For fans of mainstream financial news — fear not! Reuters has not gone completely bonkers, with their headline containing trace elements of clickbait. Still, they bring up very valid points that all investors should consider. First and foremost is the dichotomy between bullishness in the technicals and bearishness in the fundamentals. “Even with European shares getting a fresh lift from a weaker euro on Friday – after U.S. data smashed expectations and fueled bets on tighter U.S. rate policy in contrast with the European Central Bank’s dovish stance – growth hopes remain fairly muted.”

The major U.S. equity indices — Dow Jones Industrial Average, S&P 500, Nasdaq Composite Index — are all up on a year-to-date basis, particularly so for the Nasdaq, which is approaching 9% returns for the year. Yet this robust data flies in the face of reality, much of which is bearish. Various industries, ranging from steel, tech, and even the mainstream media, have all suffered significant cutbacks and pink slips.

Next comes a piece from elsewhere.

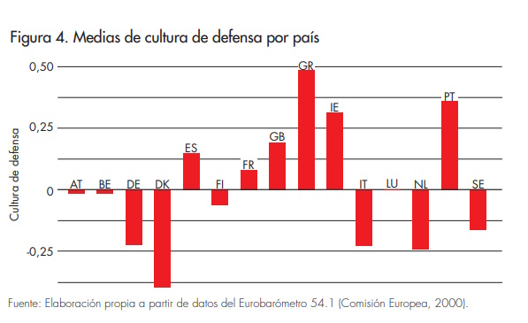 La investigación sobre la existencia de una cultura europea común o convergente en materia militar y de seguridad entre los estados miembros de la Unión Europea (UE) disfruta de un amplio desarrollo. Ello lo demuestran los debates acerca de una posible «identidad europea de seguridad y defensa»[1], una cultura europea de seguridad, o los referentes a la politización de la Política Común de Seguridad y Defensa (PCSD)[2]. En este marco, la premisa de este artículo es la inexistencia de una cultura europea común de defensa (Tardy, 2007). Dicha cultura aludiría a la actitud de las sociedades hacia el uso de la fuerza militar, las fuerzas armadas y la política de defensa, lo que constituiría un factor significativo en la configuración y desarrollo de una «defensa europea». Concebimos este concepto dentro del marco teórico de la cultura política (Almond y Verba, 1965). De manera preliminar, entendemos por cultura (política) de defensa los conocimientos, convicciones, valores y prácticas que guían a la ciudadanía a la hora de manifestar sus posturas sobre cuestiones relacionadas con la defensa, expresándose en diversos comportamientos respecto a las políticas de defensa implementadas por los poderes públicos, ya sea mediante su aprobación o rechazo (Bueno, 2016: 47). Sobre la construcción conceptual y la validación empírica de esta idea, a continuación se señalarán diversas críticas.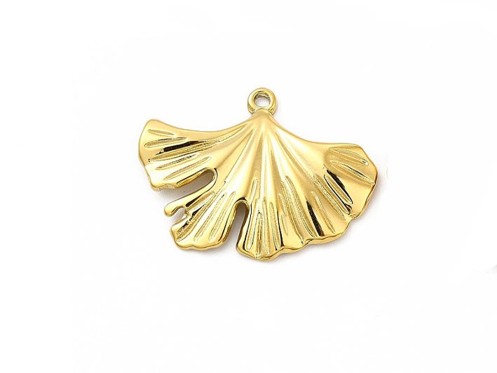 Pendentif fleur de ginkgo-22x30mm Acier inox 304 doré 18Kx1

If stalwart organizations like ESPN — which is owned by Walt Disney Co. (NYSE:DIS) — can’t keep their books in the black, what about the thousands of others who don’t nearly have as much populace support? At some point, investors en masse will eventually be forced to look at the fundamentals. After all, capital speculation is based on the implied promise of future earnings — if it’s clear that the earnings aren’t going to be there, neither will the investors.

Unusual Market Dynamics Finally Hitting Mainstream

Another matter brought up by the Reuters article is a purely technical argument. “On the investor side, European hedge funds have actually been reducing exposure to stocks while the market has rallied, according to strategists at Morgan Stanley.” What is being described here is a divergence pattern, or a contradiction between two technical factors.

Normally, under a genuinely bullish rally, both equity prices and the volume of trades move higher in tandem. A divergence in this natural trend — equity prices move higher, but volume fades lower — is disconcerting, perhaps even ominous. What it’s saying is that only a few people are moving the markets while the rest of the investing public are sitting on the sidelines.

The question to ask, then, is who has the leverage to raise prices with lesser volume? By looking into possible answers, we can logically surmise that there’s a vested interest in conning people to hold a financially unsustainable bag. And that will surely lead to unusual market dynamics — up until the point when the system can no longer be lied to.